Work to complete - One range is to be output from the listing below, exactly as written: the line with "Paris, EDHIS, 1970, [A" to the line with "Notre stand a", both kept.

Material to process -
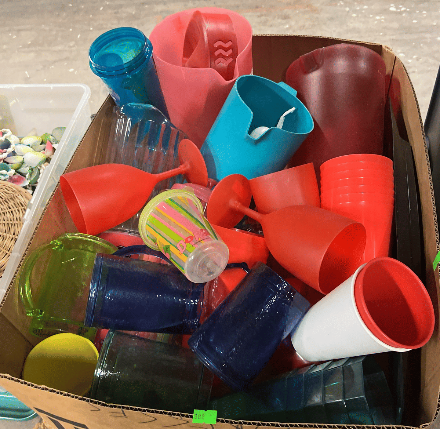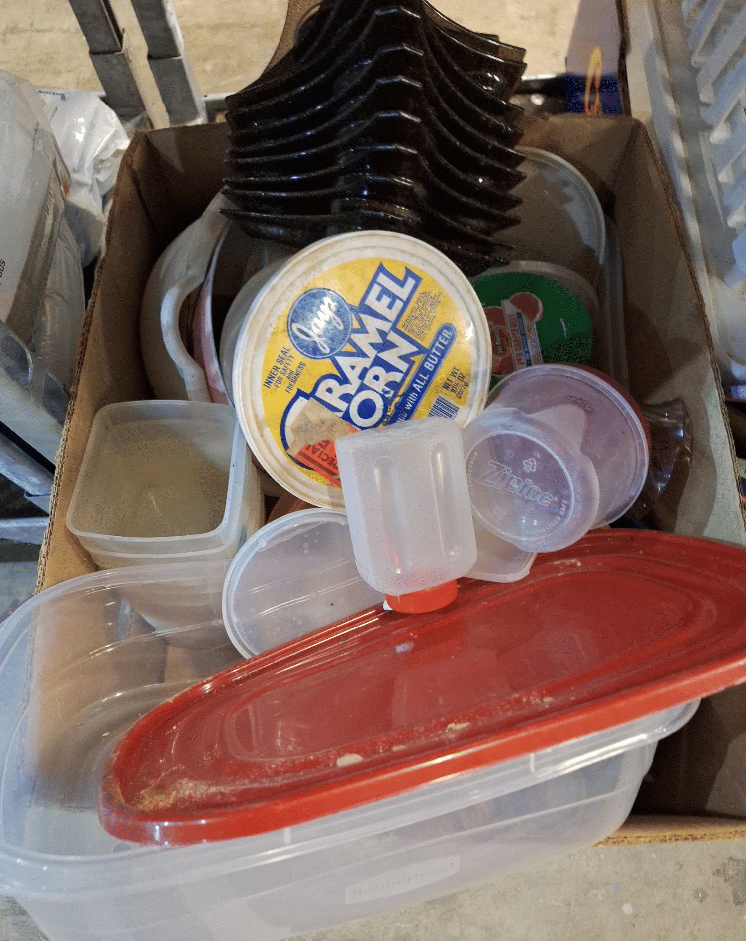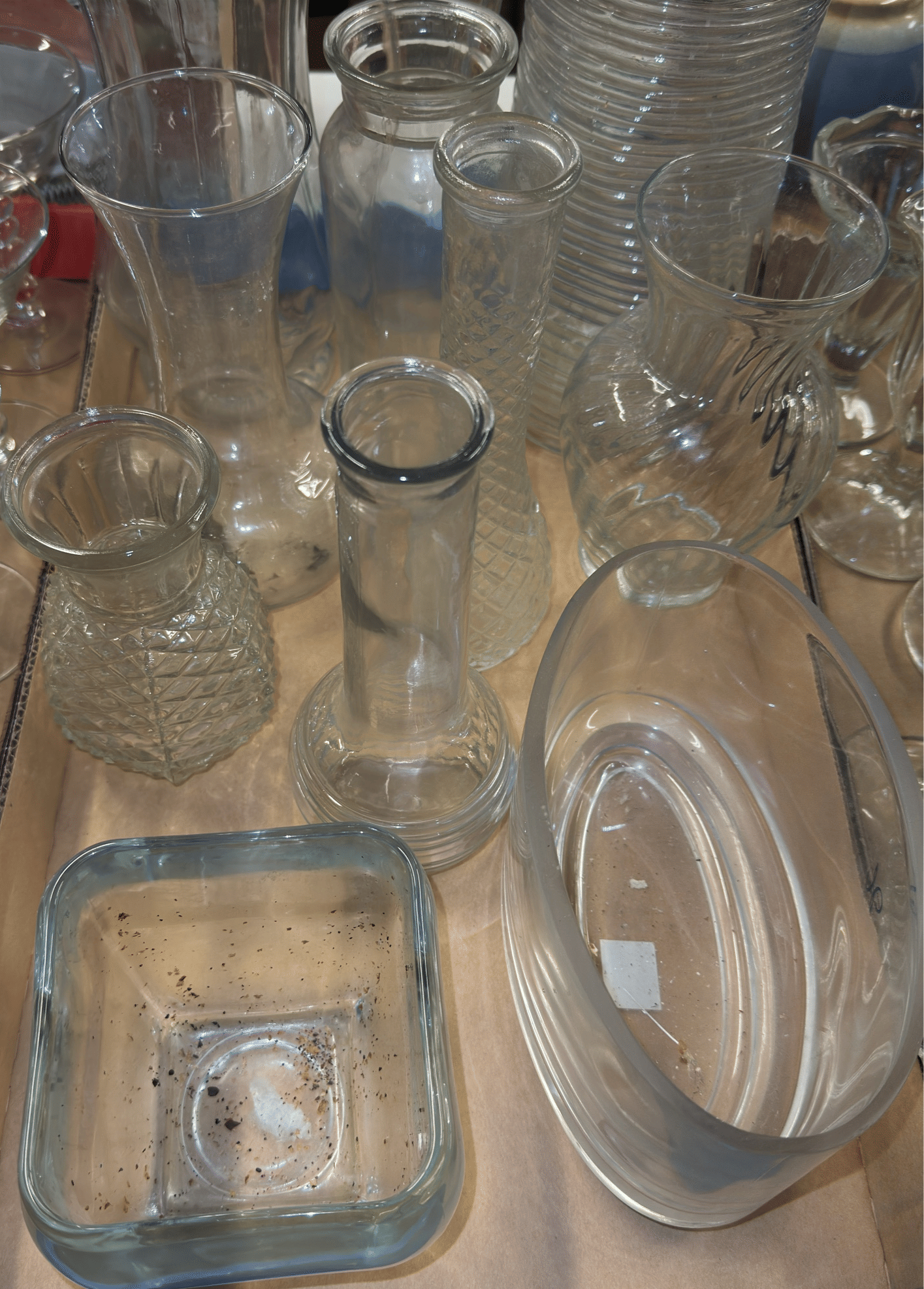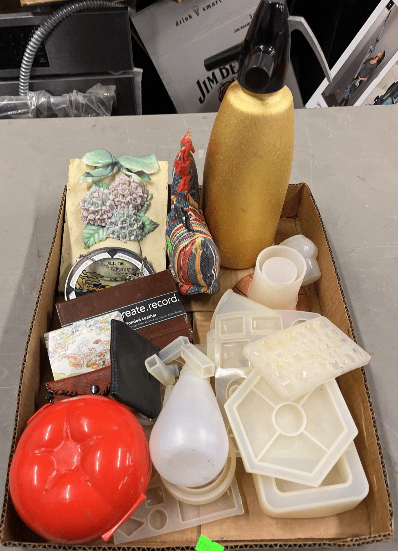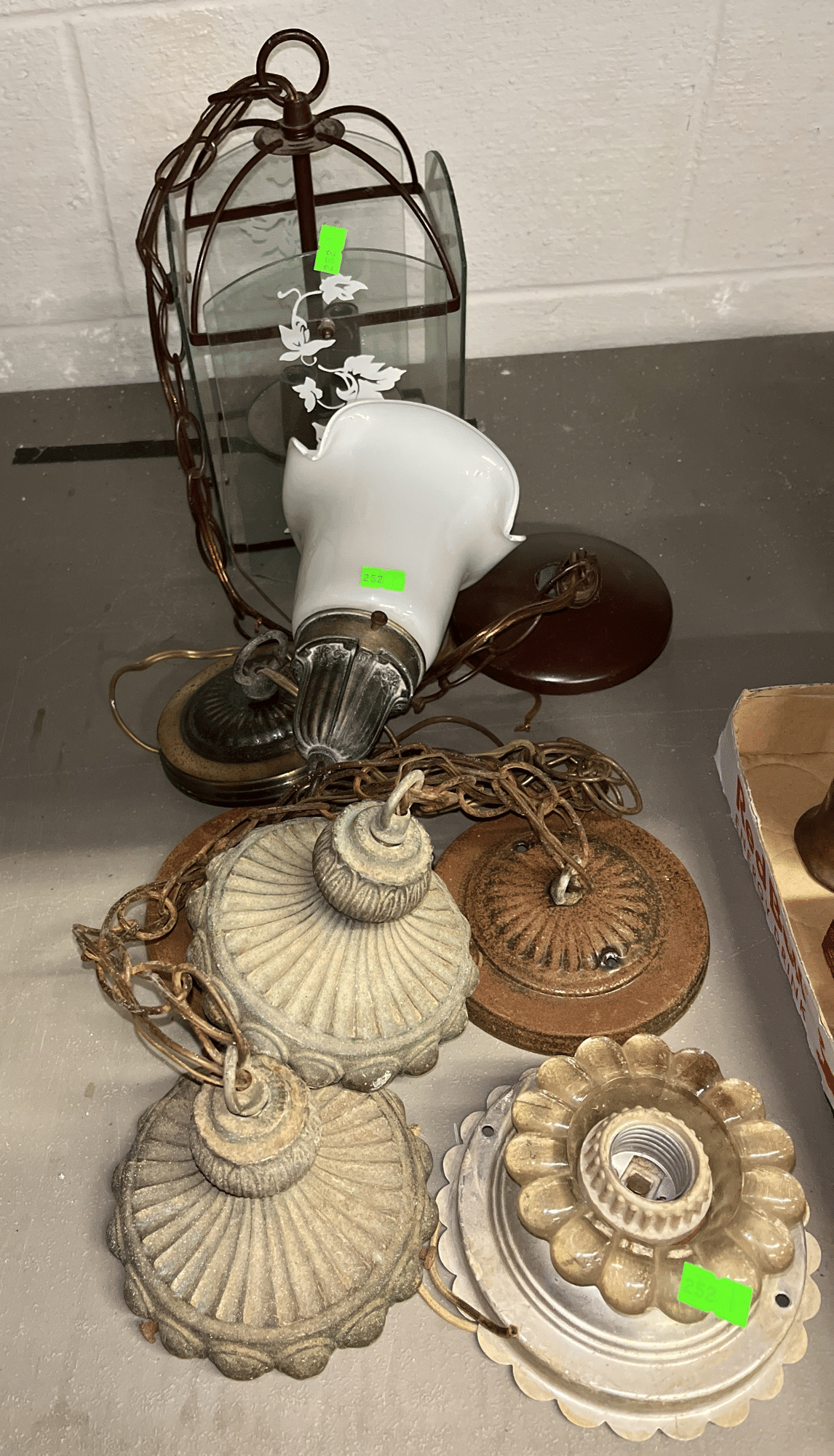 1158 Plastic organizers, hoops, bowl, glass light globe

--

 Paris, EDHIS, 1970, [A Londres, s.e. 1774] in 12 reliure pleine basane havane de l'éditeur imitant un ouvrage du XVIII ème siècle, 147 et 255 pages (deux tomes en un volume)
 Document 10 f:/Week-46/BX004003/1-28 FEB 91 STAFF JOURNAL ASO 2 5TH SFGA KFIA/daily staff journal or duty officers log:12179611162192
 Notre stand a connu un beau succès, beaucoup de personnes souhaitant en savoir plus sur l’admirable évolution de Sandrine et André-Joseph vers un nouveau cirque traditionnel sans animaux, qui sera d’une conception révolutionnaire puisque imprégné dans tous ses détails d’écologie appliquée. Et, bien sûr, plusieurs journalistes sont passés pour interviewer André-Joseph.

Solution for this task -
 Paris, EDHIS, 1970, [A Londres, s.e. 1774] in 12 reliure pleine basane havane de l'éditeur imitant un ouvrage du XVIII ème siècle, 147 et 255 pages (deux tomes en un volume)
 Document 10 f:/Week-46/BX004003/1-28 FEB 91 STAFF JOURNAL ASO 2 5TH SFGA KFIA/daily staff journal or duty officers log:12179611162192
 Notre stand a connu un beau succès, beaucoup de personnes souhaitant en savoir plus sur l’admirable évolution de Sandrine et André-Joseph vers un nouveau cirque traditionnel sans animaux, qui sera d’une conception révolutionnaire puisque imprégné dans tous ses détails d’écologie appliquée. Et, bien sûr, plusieurs journalistes sont passés pour interviewer André-Joseph.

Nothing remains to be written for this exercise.